[GOAL OF THE EXERCISE]
Copy exactly, beginning with the line holding "El kit de bordado" and ending with the final line of the data beneath this task; copy nothing else, and leave out every picture.

[MATERIAL PROVIDED]
--------------------------------------------------

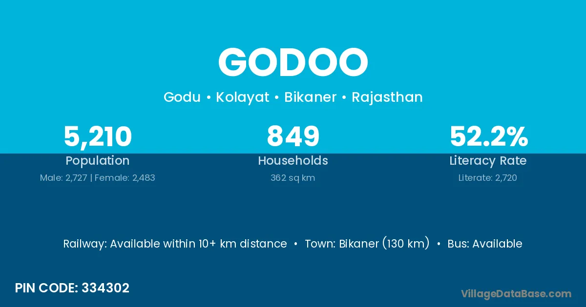 Bikaner (130 km) is the nearest town to Godoo village for major economic activities and is located approximately 130 km away.
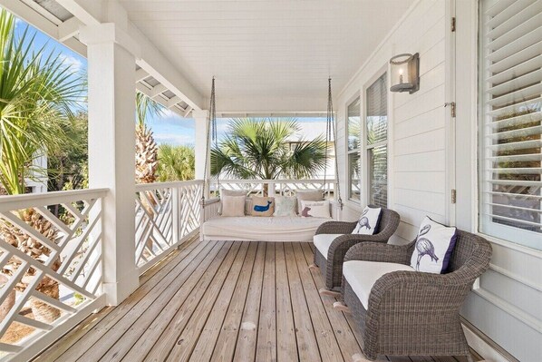 - Your front porch has loungers and an extra-large porch swing.
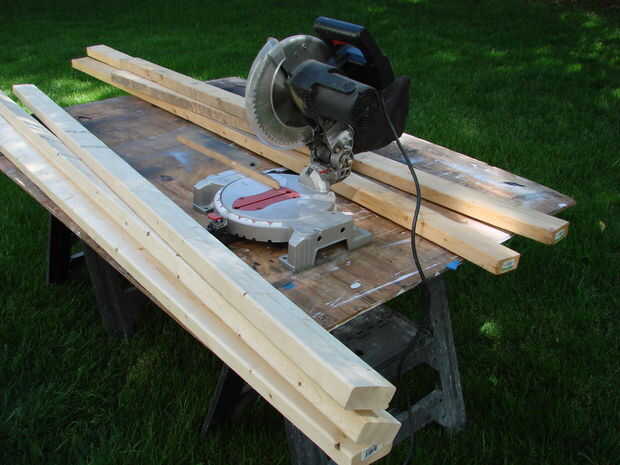 - 2 x 4 x madera de construcción 96. Se necesita 9 piezas. Este proyecto será mucho más fácil si usted Asegúrese de que la madera es recta. Tuve un momento difícil con la mía porque algo de él fue torcido y se inclinó de mojarse durante su vida anterior como una suspensiones de parte de la pintura de aerosol.
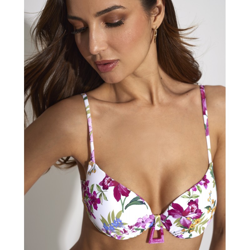 Top de bikini semibalconette con aro. Con tirantes multiposición. Este diseño floral y colorido es perfecto para lucir radiante y vibrante en la playa o la piscina este verano.
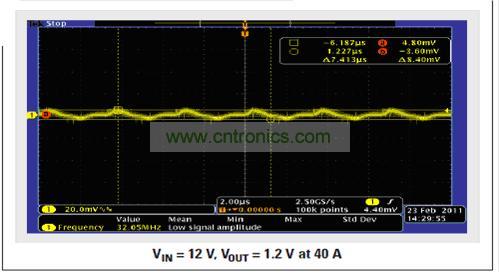 由于每個輸出電感中存儲的能量降低,負載瞬態(tài)性能隨之提高。電流抵消帶來的紋波電壓降低,幫助實現(xiàn)了最小輸出電壓過沖和下沖,因為在環(huán)路響應(yīng)以前許多周期都已結(jié)束。紋波電流越低,干擾越小。
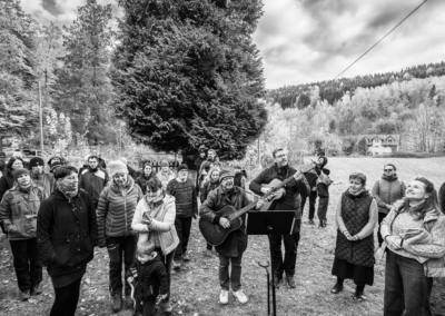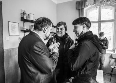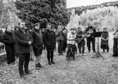 Závěrečná akce spojila dopolední práci s odpolední slavností. Připravovalo se dřevo, uklízela a zdobila se fara, vznikla výstava fotografií a chystalo se občerstvení. Odpoledne proběhla mše ve zdejším kostelíku a následné požehnání na faře, vedené děkanem Stanislavem Kotlářem za účasti čtyř kněží. Dorazilo téměř sedmdesát lidí a zájem o přednášku o vizích fary a pěších poutích byl tak velký, že se společenská místnost zcela zaplnila.
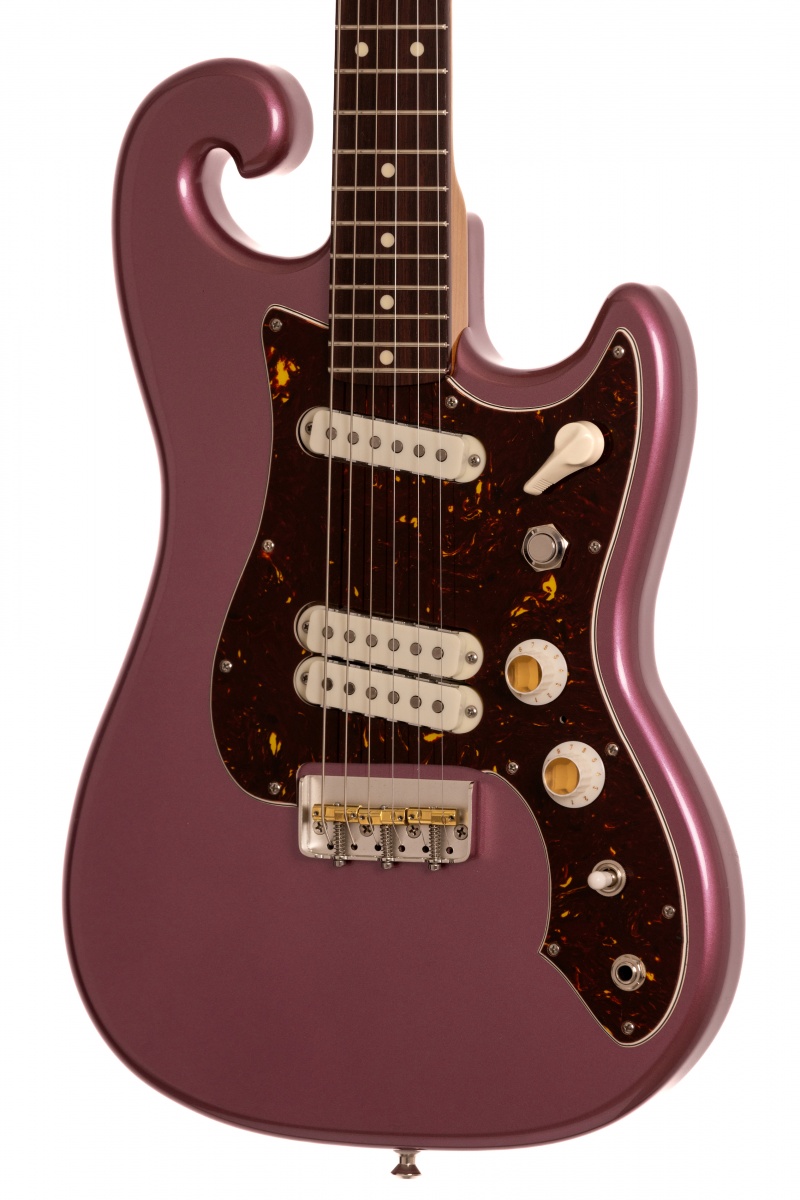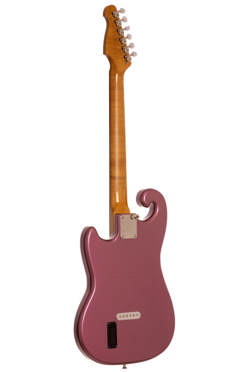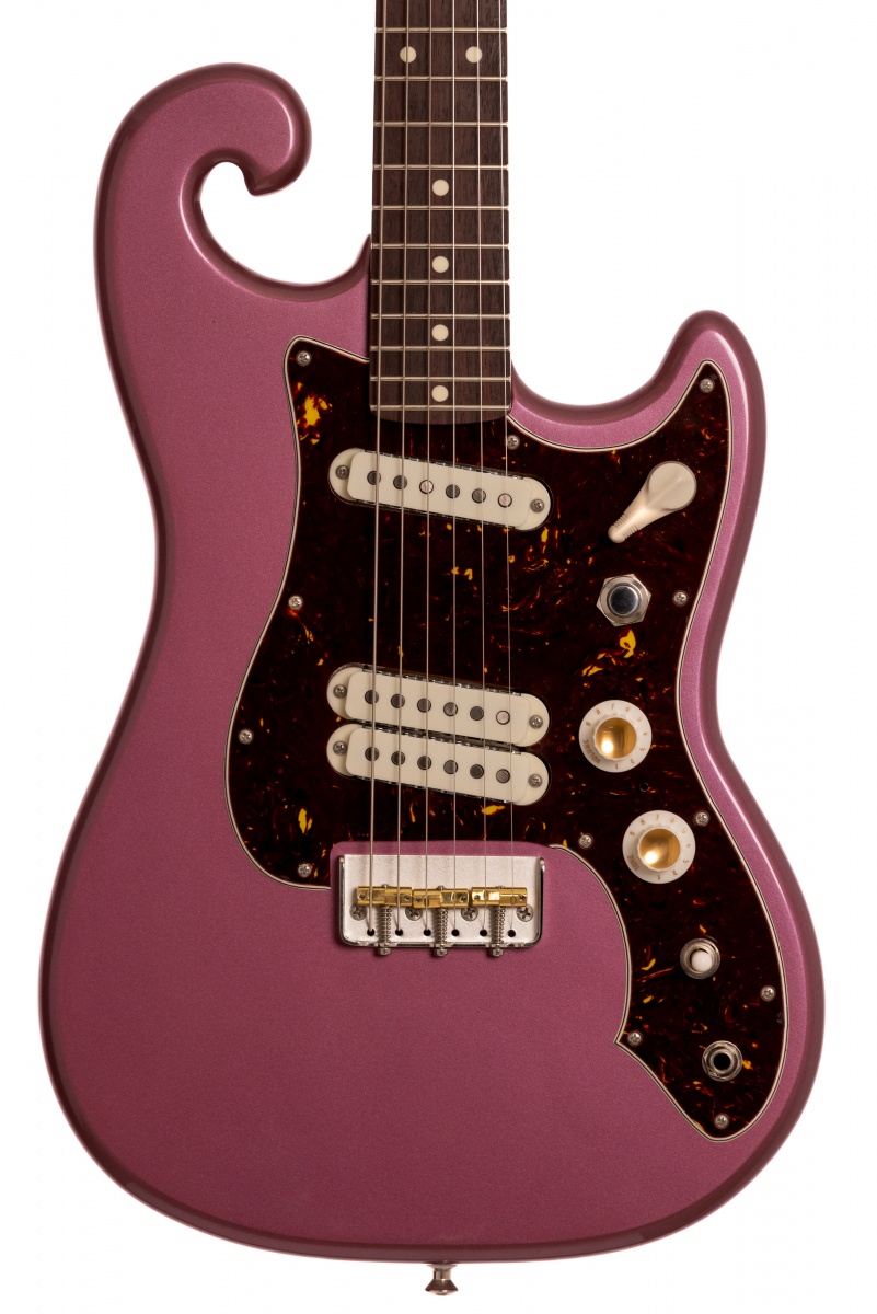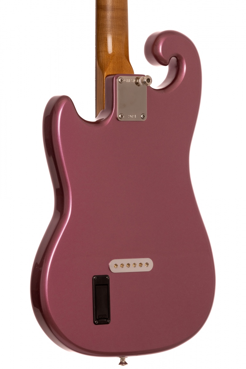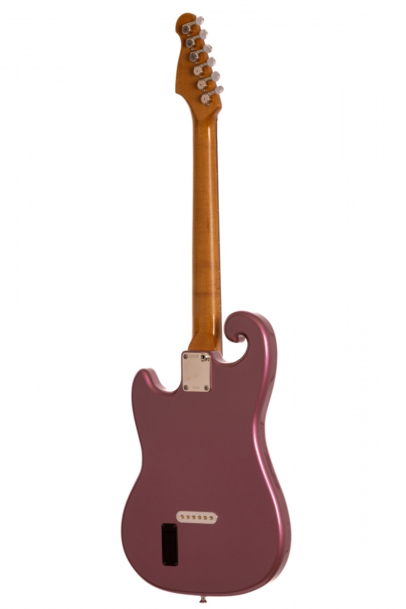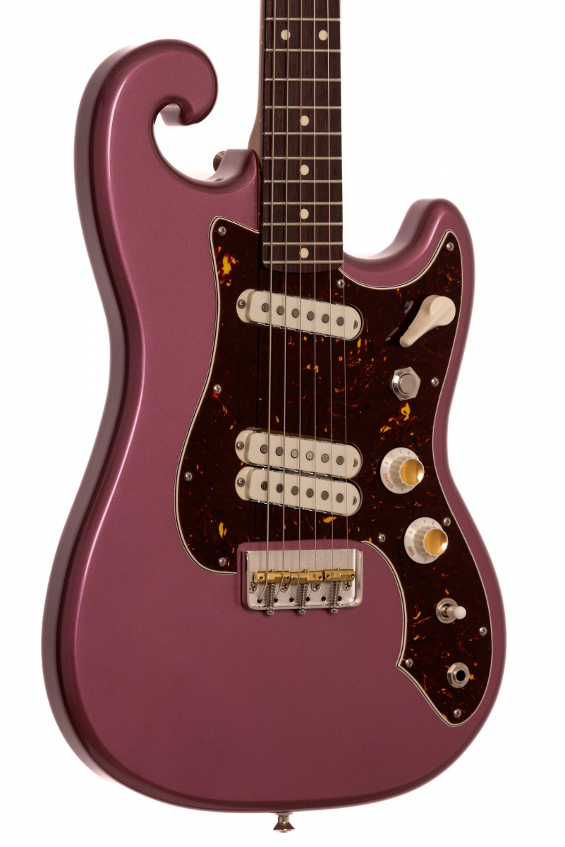 24-3/4" scale, torrefied alder body, torrefied maple / Indian rosewood neck, three Lollar Jaguar pickups, Mythos Blaster Boost (pushbutton on/off switch), three-way rotary (bridge / bridge+middle parallel / bridge+middle series), Hipshot open gear locking tuners with pearl buttons, aluminum de Lisle ferrule block, Burgundy Mist Metallic lacquer.
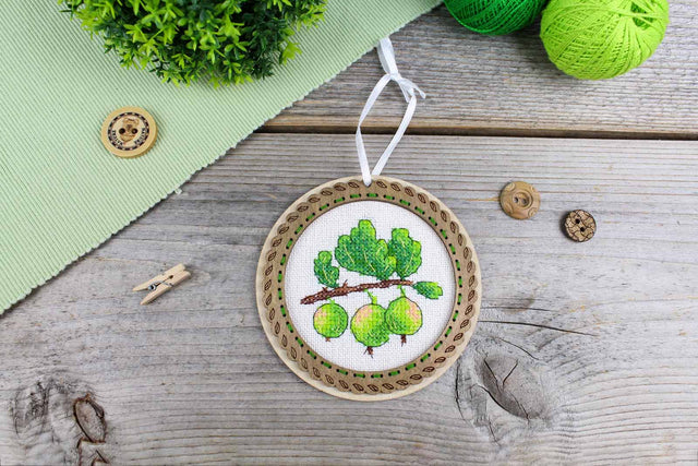 El kit de bordado MP Studia SO-130 – Miniatura “Bayas del campo: Grosellas” es un delicado diseño que representa una rama de grosellas verdes enmarcada en una base de madera decorativa. Su estilo natural y fresco evoca los colores del verano y el encanto de la vida campestre. Perfecto como adorno, regalo o pieza de colección.
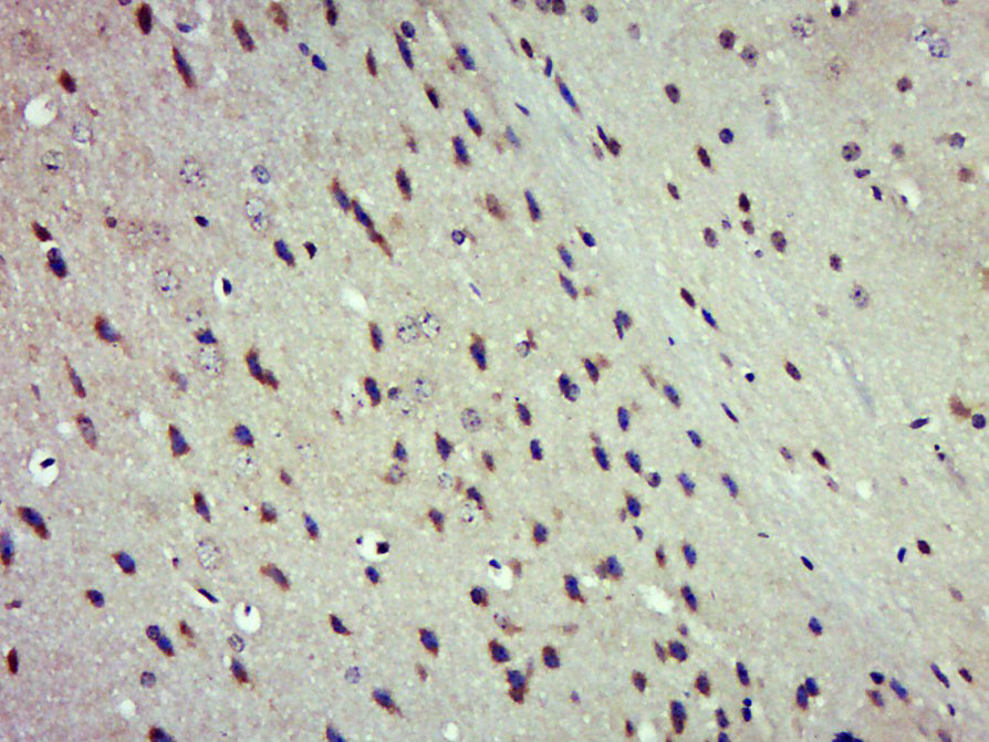Paraformaldehyde-fixed, paraffin embedded (Mouse brain); Antigen retrieval by boiling in sodium citrate buffer (pH6.0) for 15min; Block endogenous peroxidase by 3% hydrogen peroxide for 20 minutes; Blocking buffer (normal goat serum) at 37°C for 30min; Antibody incubation with (JNK1 + JNK3) Polyclonal Antibody, Unconjugated (bs-0501R) at 1:500 overnight at 4°C, followed by a conjugated secondary (sp-0023) for 20 minutes and DAB staining.

--------------------------------------------------

[RESPONSE]
 El kit de bordado MP Studia SO-130 – Miniatura “Bayas del campo: Grosellas” es un delicado diseño que representa una rama de grosellas verdes enmarcada en una base de madera decorativa. Su estilo natural y fresco evoca los colores del verano y el encanto de la vida campestre. Perfecto como adorno, regalo o pieza de colección.
Paraformaldehyde-fixed, paraffin embedded (Mouse brain); Antigen retrieval by boiling in sodium citrate buffer (pH6.0) for 15min; Block endogenous peroxidase by 3% hydrogen peroxide for 20 minutes; Blocking buffer (normal goat serum) at 37°C for 30min; Antibody incubation with (JNK1 + JNK3) Polyclonal Antibody, Unconjugated (bs-0501R) at 1:500 overnight at 4°C, followed by a conjugated secondary (sp-0023) for 20 minutes and DAB staining.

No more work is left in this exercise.